BEGIN Data provided
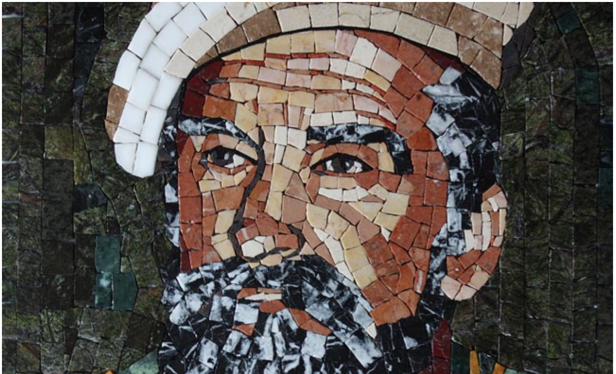
Mozaikowy portret. Autor: Wiesław Ratajczak

Na zakończenie naszego cyklu – mozaikowego samouczka – chciałbym zainspirować Państwa do działania i być może podsunąć kilka pomysłów. Dzisiaj spotykamy się z mozaiką w troszkę innej formie. Tym razem chciałbym pokazać ciekawe sposoby zastosowania mozaiki.
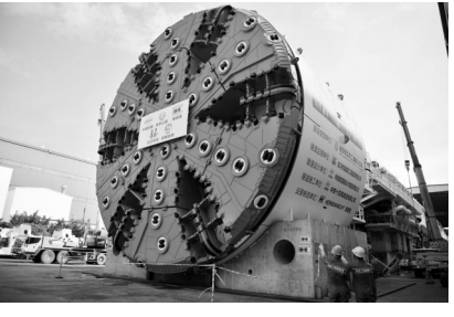
后,将与浦仪公路串连起八卦洲、浦口、仪征、江南和核心区,对促进区域间经济发展,提升南京市交通路网区域枢纽功能,方便市民交通出行意义重大。

据了解,和燕路过江通道建成通车后,将与浦仪公路串连起八卦洲、浦口、仪征、江南和核心区,对促进区域间经济发展,提升南京市交通路网区域枢纽功能,方便市民交通出行意义重大。
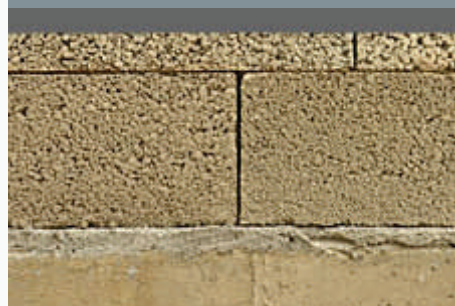
Die Ausgleichsschicht muss ausreichend erhärten, bevor die Wand weiter gemauert werden kann.
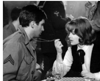
1962 LES VAINQUEURS (The Victors) de Carl Foreman avec Anthony Perkins
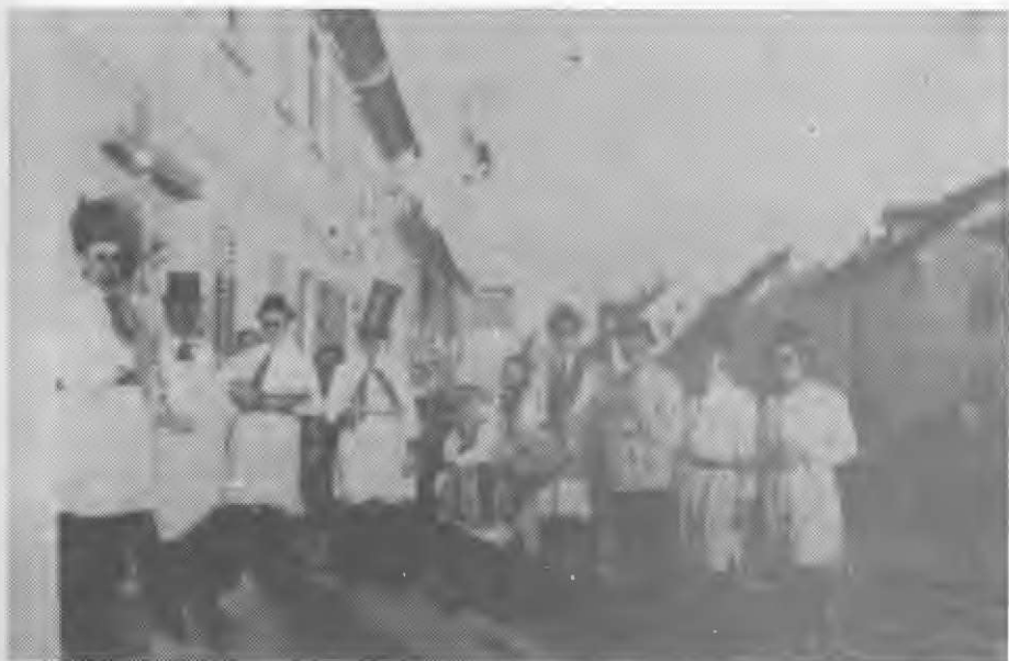
Pustni orkester leta 1932 pred Maksetovo hišo
END Data provided
Give again, word for word, the lines above from the first one through the one containing "据了解,和燕路过江通道建成通"; no pictures.

◆ Answer to the exercise
Mozaikowy portret. Autor: Wiesław Ratajczak

Na zakończenie naszego cyklu – mozaikowego samouczka – chciałbym zainspirować Państwa do działania i być może podsunąć kilka pomysłów. Dzisiaj spotykamy się z mozaiką w troszkę innej formie. Tym razem chciałbym pokazać ciekawe sposoby zastosowania mozaiki.
后,将与浦仪公路串连起八卦洲、浦口、仪征、江南和核心区,对促进区域间经济发展,提升南京市交通路网区域枢纽功能,方便市民交通出行意义重大。

据了解,和燕路过江通道建成通车后,将与浦仪公路串连起八卦洲、浦口、仪征、江南和核心区,对促进区域间经济发展,提升南京市交通路网区域枢纽功能,方便市民交通出行意义重大。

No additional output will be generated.